April 2, 2015

It Happened on April 2nd

Whirlaway's Birthday, 1938

He lost nearly half of all the races he ever ran. He preferred to run on the outside rail. When he got ahead of the other horses in a race, he got bored and started zigzagging all over the track.

All in all, you'd think Whirlaway would have been a pretty unlikely horse to win the Triple Crown, but that's exactly what he did. He was also a great favorite with the fans, due to his great beauty, his flowing tail, and his enchanting unpredictability.

Whirlaway won his first race in Chicago as a 2-year-old. He covered most of the width of the racetrack during the race, but seemed to prefer the outer rail. Nevertheless, he finished in first place. In another early race he started out so enthusiastically that he crashed into the outer rail. He won that one, too.

Whirlaway's success can be partially attributed to his trainer, Ben A. Jones, who would later also train Citation, and his jockey, Eddie Arcaro. Jones called Whirlaway a knucklehead, among other things, but he knew that he was the fastest horse he had ever trained. Just before the Kentucky Derby, Jones cut off one blinker, so that the horse could see the inside rail but not what lay to his right. It worked.

At the Preakness, Whirlaway started out so slowly that, in the words of an announcer, "even their dust couldn't reach him." This is no exaggeration -- you can see the video here. He took that race by five and a half lengths.

When it was time for the Belmont Stakes, Whirlaway had scared off most of the competition: only four horses raced against him. They attempted to throw Whirlaway off with a slow start, but Whirlaway blew past them, and then kept up the lead.

Whirlaway was owned by Calumet Farms, and was the first of their two Triple Crown winners. (The other was Citation.) After his retirement from racing, he spent some time at stud at the Calumet Farms, and later was sold to the French breeder Marc Boussac for his breeding farm. He died in 1953, and is now buried at Calumet Farms.

Commodore William James Captures Pirate Fortress, 1755

James's wife had this built in his memory.
It might not be fair to call them "pirates", but that's what the East India Company called them. They called themselves the Maratha Empire Navy.

James was the son of a poor Welsh miller who ran away to sea when he was 11. By the time he was 20, he had joined the East India Company. Four years later he had become a commodore.
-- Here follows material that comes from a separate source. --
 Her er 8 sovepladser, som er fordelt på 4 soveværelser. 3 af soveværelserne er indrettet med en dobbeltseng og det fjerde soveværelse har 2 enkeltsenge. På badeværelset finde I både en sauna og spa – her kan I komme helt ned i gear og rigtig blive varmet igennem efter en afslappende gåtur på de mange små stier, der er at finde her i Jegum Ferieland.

He was 34 when he was ordered to blockade the fortress of Tulaji Angre at Severndroog on the western shore of India. He went them one better, and got close enough to blow it up. The feat saved the East India Company a great deal of money in the protection of their ships. James was awarded a reward of ₤100.
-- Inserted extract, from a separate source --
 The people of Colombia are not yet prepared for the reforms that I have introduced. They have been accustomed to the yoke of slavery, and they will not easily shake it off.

After participating in several other skirmishes, James retired from the sea in 1759, and settled in London, where he became Chairman of the Directors of the East India Company and a fellow of the Royal Society. He was created a baronet in 1778. He died of a stroke in 1783, and is buried near his home. A year after his death, he wife had built a folly called Severndroog Castle to commemorate him. The structure still stands.

Prince Arthur Tudor Died, 1486

Arthur Tudor
If he hadn't died at 15, we wouldn't have had King Henry VIII, the Church of England, or possibly the English Renaissance.

Arthur Tudor was the son of King Henry VII of England, and heir to the English throne. At the age of two, he was betrothed to Katherine of Aragon, the youngest daughter of Ferdinand and Isabella of Spain. As you probably know, Katherine of Aragon later became the first wife of Henry VIII. Arthur was carefully educated for his future as King of England, unlike his younger brother. (Henry VIII had been intended for the Church.)

The cause of Arthur's death is still unknown. Various causes have been attributed, including tuberculosis, diabetes, or the "sweating sickness", a disease that vanished after 1551, and may have been a type of hantavirus. Katherine was also taken ill, but survived.